1. a kind of near infrared light hot dye based on azepine fluorine borine, it is characterised in that there is following general structure：

Wherein, R₁、R₂It is selected fromIn one kind, R₃ For the straight chain with 1 to 16 carbon atom, side chain or cyclic alkyl chain；

Wherein X is Br, I or H.

2. the preparation of photo-thermal dyestuff as claimed in claim 1, it is characterised in that concretely comprise the following steps：

Specifically：

(1) 1 (10.0mmol) and 2 (10.0mmol) are anti-in 10ml 10% sodium hydroxide (aq) and 20ml alcohol mixed solutions After answering 12h, after adjusting reaction solution pH to 5~7 with watery hydrochloric acid, filtering, the washing of cold ethanol, product 3 is obtained；

(2) in the basic conditions, after with nitromethane (25.0mmol) addition reaction occurs for 3 (5.0mmol), adjusted with watery hydrochloric acid Reaction solution pH to 5~7；Filtering, the washing of cold ethanol, obtain product 4；

After in ethanol solution with ammonium acetate annulation occurs for (3) 4 (2.0mmol), concentration, filtering, the washing of cold ethanol, obtain Product 5；

(4) in dry methylene chloride solution, after with BFEE complexation reaction occurs for 5 (1.5mmol), concentration, water is added After suction filtration, product 6 is obtained by column chromatography, target product C when halogen-free；In dichloromethane or chloroformic solution, propiodal or Bromine source occurs substitution reaction with 6 (1.0mmol) and obtains target product C.

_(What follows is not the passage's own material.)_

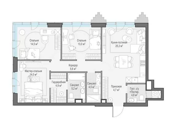 98.1 м² · 3 комнаты · 5/14 этаж · Сентябрь 2027
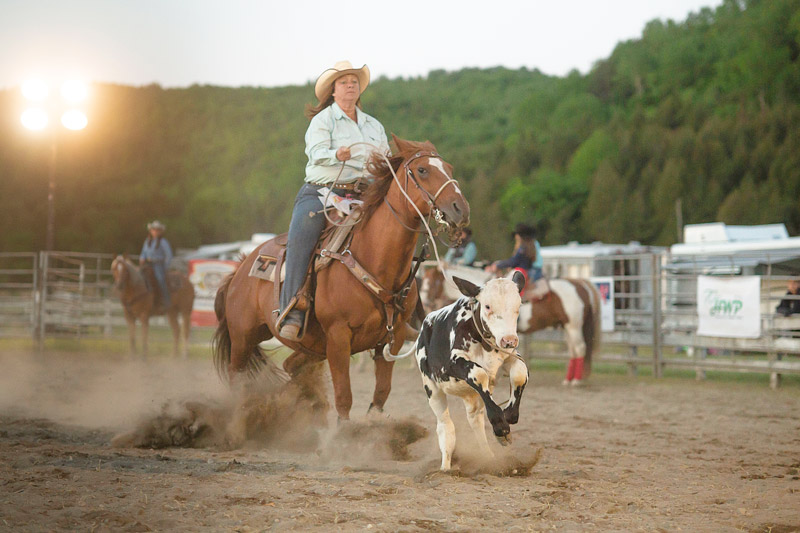 Elle doit quand même attraper le veau au lasso qui est attaché au pommeau de sa selle et au bout duquel se trouve un mouchoir de couleur vive qui, lorsque libéré, indique au juge que le veau est attrapé.

3. the application of near infrared light hot dye as claimed in claim 1, it is characterised in that it is glimmering that the photo-thermal dyestuff is used for biology Photoimaging.

4. the application of near infrared light hot dye as claimed in claim 1, it is characterised in that the photo-thermal dyestuff is used for bio-light Thermal imaging.

5. the application of near infrared light hot dye as claimed in claim 1, it is characterised in that the photo-thermal dyestuff is used for bio-light Acoustic imaging.

6. the application of near infrared light hot dye as claimed in claim 1, it is characterised in that the photo-thermal dyestuff swells for live body Knurl photo-thermal therapy.